Батюшков, подобно Жуковскому, был большим поэтом, решительно
вставшим на путь, после которого дерзкое державинское словоупотребление стало
окончательно казаться чуть ли не невежеством. В лице Батюшкова поэзия вошла в
такие тесные границы формы, обрекла себя на столько добровольных лишений, что
неудивительно, почему в этой «зажатости» оказался выкован бесконечно стройный
стих, сложился высокий лексический стиль. Поэзия стала «абсолютной», и Батюшков
был ее апостолом. Где уж тут XVIII столетию с его
«поразительностью» и сбивчивостью! Никто, даже Жуковский, так не способствовал
успеху этой «абсолютной» поэзии в России, как Батюшков.

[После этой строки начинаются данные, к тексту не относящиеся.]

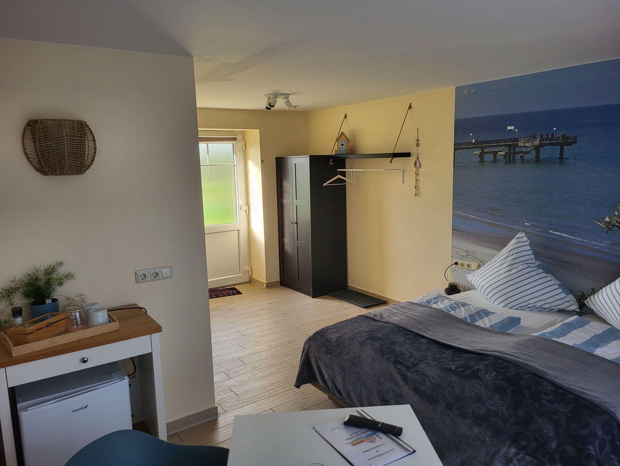 Das Doppelzimmer verfügt über ein Boxspringbett, das wahlweise als Doppelbett oder zwei Einzelbetten gestellt werden kann. Es gibt ein Duschbad/WC und ein kleines Küchenregal mit Wasserkocher, Minikühlschrank und Geschirr.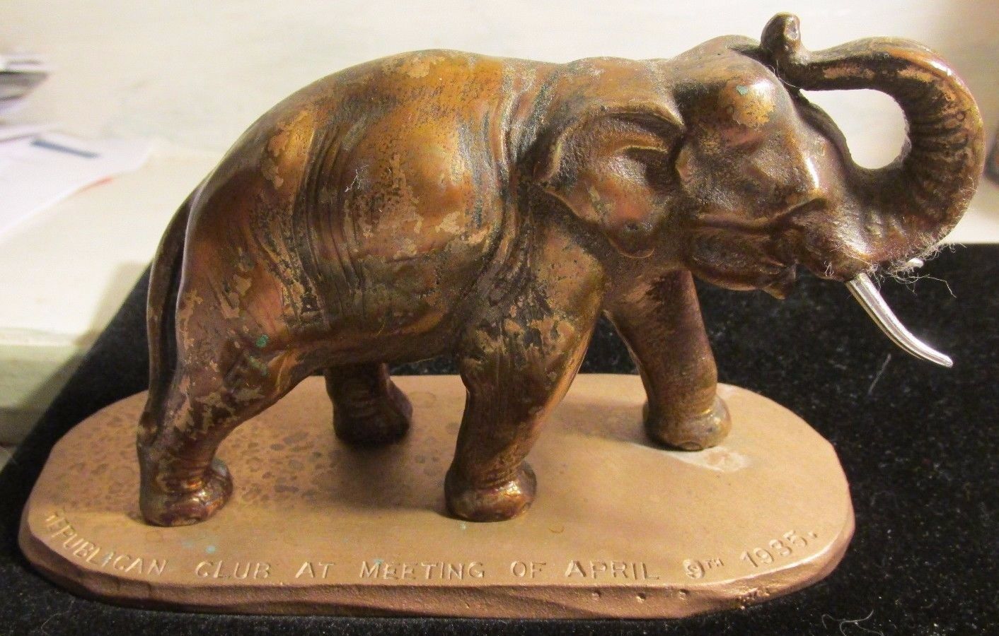 Title (ebay affiliate link): Vintage Bronze or Brass Elephant From Republican Club Meeting of April 9, 1935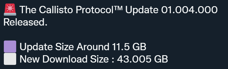 На PlayStation 5 действует система сжатия, а потому игра «весит» поменьше. По данным PlayStation Game Size, The Callisto Protocol потребует порядка 43.005 ГБ. Появилась информация об обновлении 01.004.000 (вес 11.5 ГБ).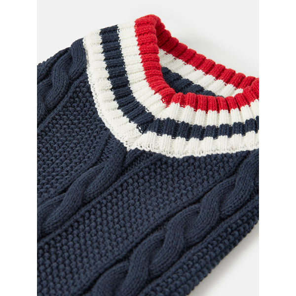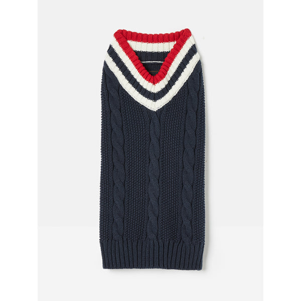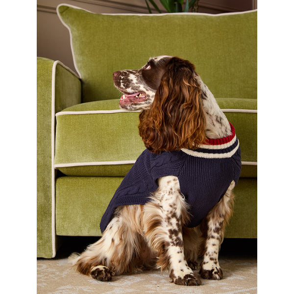 A cricket-inspired knit for your four-legged friend? Okay then. This cool, cable knit will be perfect to give your pooch a little preppy style. A great layer for the colder months of the year, this relaxed fit jumper is a must for dog walking days. Cable knit V-neck Machine washable at 30c Three sizes available.

Вот они, эти изящнейшие стереотипные словосочетания, – это не
Пушкин, это Батюшков: «мечты златые», «нежные грации», «томный глас», «прелесть
очей», «солнце жизни», «пламенные уста», «роковая мука», «скорбный глас»,
«златая цепь», «беспечная юность», «сон скоротечный», «сияние протекших дней»,
«в груди моей остылой», «в безмолвии ночей», «славы блеск», «мраморные палаты»,
«ложе сна», «свежие сени», «поэзия прелестная», «прах летучий», «задумчивая
цевница», «души возвышенной свобода», «буря пламенных страстей», «под сенью
безмятежной», «мыслей чистых и глубоких» и пр.
Не все эти словосочетания – изобретения Батюшкова, но его вкус их
требовал, в них верил, к ним тянулся.
Эти словосочетания, эта метанимика, эта поэтическая лексика, –
явление замечательное. Практически это нечто вроде неологизмов, нечто вроде
особого поэтического «золотого» языка, на котором говорила просвещенная элита.
Еще Аристотель писал, что поэзии, как воздух, нужен «сочиненный», не
общеупотребительный язык, чтобы им «развести» общеупотребительный: «должно
как-нибудь перемешивать выражения – тогда-то проистечет «ясность».
Русский «абсолютный» стих был создан на нейтральной по отношению к
народному русскому языку территории. Коренные русские слова образуют более
периферию, нежели центр прекрасного литературного языка школы Батюшкова–Жуковского–Пушкина.
Неслучайно эти стереотипы сложены из блоков слов – их значение не меняется от
стихотворного контекста. Они будто бы изготовлены где-то вне стиха и лишены
автора, их хочется назвать «пластическими афоризмами», так они напоминают неподвижные
скульптурные изваяния.
Словосочетания Батюшкова нерасторжимы, как географические названия
– Ботнический залив, Понт Эвксинский, Дальний Восток, – или такие географическо-культурные
неологизмы, как «Таврида отдаленная», «Греция священная» и т.д.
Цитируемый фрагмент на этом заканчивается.